Jemima Khan’s script leans into its breezy, twee moments, balancing them with shades of introspection as Lily contrasts her own dating life, shared through the use of post-modern, deconstructed fairy tales like Beauty and the Beast, Snow White, and Cinderella.  In Zoe’s version of these stories, there are no “happily ever afters”; the tropes these stories represent – most particularly the idea of marriage as a conclusion, of marriage as the happy ending to all relationships – are broken down and viewed in contrast to Kaz’s route to marriage – arranged, or, as he prefers “assisted”, as a way of preserving a link to his cultural roots.  Kaz might be the image of a modern British man in many ways, but, as he points out to Zoe, in the end he can never forget that he is South Asian, that he is, as he says, “brown”, because he lives in a society that ultimately never lets him forget it.  “Number 47, number 49 different continents” he reminds Zoe, a quick shorthand that neatly sums up they might grow up on the same street, be friends and neighbours for years, but someone is always going to remind Kaz that he is British-born, and not British.

This is further reinforced by Zoe’s mother, Cath (Emma Thomson), who revels in the culture of her neighbours– this is meant to be comedy, but there is something profoundly sad about the fact that Cath, open to her neighbours and delighted to be included in their family events – still manages to “other” or exoticize them.  She might mean well, but she also illustrates Kaz’s central point:  no matter that he is born in Britain, smokes, plays football, in the end, he’s always going to be diminished or exoticized.

It’s also disappointing that Cath is, mostly, a bit one-note, played entirely for comedy – Emma Thomson manages to portray her with a bit of frivolity, though the character occasionally gets in the way of what’s going on, inserting herself thoughtlessly where she doesn’t belong, rather than giving the scenes what is meant to be lightness. Cath is the character that’s used to prove Kaz’s point about being from a different world than Zoe, even though they grew up right next door to each other.  She doesn’t understand why they have to leave for the airport so early – as Kaz tells her, it’s so he has time to be “randomly selected” in the security checks.  When Cath calls Kaz’s brother’s wedding “exotic”, Zoe notes that’s code for good foreign, versus bad foreign.  And yet, Zoe holds misconceptions as well, even if they aren’t as blatant as what comes out of Cath’s largely unfiltered mouth. 

But the film revels in its contrasts and comparisons.  We have the traditional, arranged relationship between Kaz and Maymouna, but we also have one between Zoe and the veterinarian, James (Oliver Chris).  There is irony in the fact that Zoe settles into this relationship – which she defines as dependable.  She hasn’t been swept off her feet.  He didn’t take her breath away.  She fell in “like” with a man her mother arranged for her to meet, noting some of the same values that Kaz was looking for: –dependability, likeability, comfort – rather than a frothy, romantic fantasy.
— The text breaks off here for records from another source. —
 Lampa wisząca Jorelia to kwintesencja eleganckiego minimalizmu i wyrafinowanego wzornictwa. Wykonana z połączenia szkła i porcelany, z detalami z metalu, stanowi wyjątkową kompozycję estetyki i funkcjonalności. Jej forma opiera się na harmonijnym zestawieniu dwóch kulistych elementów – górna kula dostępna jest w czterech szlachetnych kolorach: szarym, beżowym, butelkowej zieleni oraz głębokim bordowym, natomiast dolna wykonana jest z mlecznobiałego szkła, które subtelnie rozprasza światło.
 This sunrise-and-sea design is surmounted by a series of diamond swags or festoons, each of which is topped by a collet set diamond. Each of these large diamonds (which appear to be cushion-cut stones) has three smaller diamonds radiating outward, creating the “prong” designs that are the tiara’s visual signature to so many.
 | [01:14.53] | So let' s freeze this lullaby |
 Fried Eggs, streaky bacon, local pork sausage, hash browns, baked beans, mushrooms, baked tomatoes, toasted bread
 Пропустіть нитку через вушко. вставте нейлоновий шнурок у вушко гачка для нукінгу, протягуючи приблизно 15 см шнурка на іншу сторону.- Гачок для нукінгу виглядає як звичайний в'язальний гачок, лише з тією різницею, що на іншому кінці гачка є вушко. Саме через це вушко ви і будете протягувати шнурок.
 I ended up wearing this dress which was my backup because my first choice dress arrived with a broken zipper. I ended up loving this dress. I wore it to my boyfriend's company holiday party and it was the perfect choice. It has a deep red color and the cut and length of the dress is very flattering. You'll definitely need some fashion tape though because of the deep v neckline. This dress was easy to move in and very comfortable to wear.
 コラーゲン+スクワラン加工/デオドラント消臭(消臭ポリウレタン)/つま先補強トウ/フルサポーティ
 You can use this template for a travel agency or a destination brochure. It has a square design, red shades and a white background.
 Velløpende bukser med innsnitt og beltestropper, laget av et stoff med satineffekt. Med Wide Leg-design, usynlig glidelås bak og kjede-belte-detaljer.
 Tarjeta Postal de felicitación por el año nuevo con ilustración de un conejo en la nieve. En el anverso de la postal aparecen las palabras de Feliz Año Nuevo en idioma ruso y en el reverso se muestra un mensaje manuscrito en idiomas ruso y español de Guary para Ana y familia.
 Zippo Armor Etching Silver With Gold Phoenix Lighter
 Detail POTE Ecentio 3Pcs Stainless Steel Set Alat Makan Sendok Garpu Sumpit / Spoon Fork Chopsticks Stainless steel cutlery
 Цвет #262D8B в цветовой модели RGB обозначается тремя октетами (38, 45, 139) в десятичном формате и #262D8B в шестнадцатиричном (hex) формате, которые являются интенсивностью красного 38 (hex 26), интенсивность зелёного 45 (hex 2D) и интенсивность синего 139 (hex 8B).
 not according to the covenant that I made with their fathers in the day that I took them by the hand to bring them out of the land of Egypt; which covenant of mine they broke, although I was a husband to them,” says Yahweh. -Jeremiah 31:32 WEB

The centre of the film – as it should be with a rom-com – is the easy, breezy relationship between childhood friends Zoe and Kaz.  It’s fascinating to watch their complicity, the things they find easy to discuss – as well as the tension filled moments where they hold back from saying what they’re thinking. 

Overall, though, the film is more somber than sparkle, exploring the nature of relationships, arranged or otherwise, and the role family plays in them.  Shekhar Kapur constructs these moments carefully and thoughtfully, giving us much to think about even as we are swept up in the beauty of a wedding in Lahore, and the magic of stumbling across a beautiful and meaningful qawwali performance. Kapur’s film reminds us that even though fairy tale weddings do happen, not everyone gets a fairy tale style happily ever after.  Sometimes, we just have to have faith that we can fall into like, which might turn into love – whatever that means – but, more importantly, we will be surrounded by the people who care for us.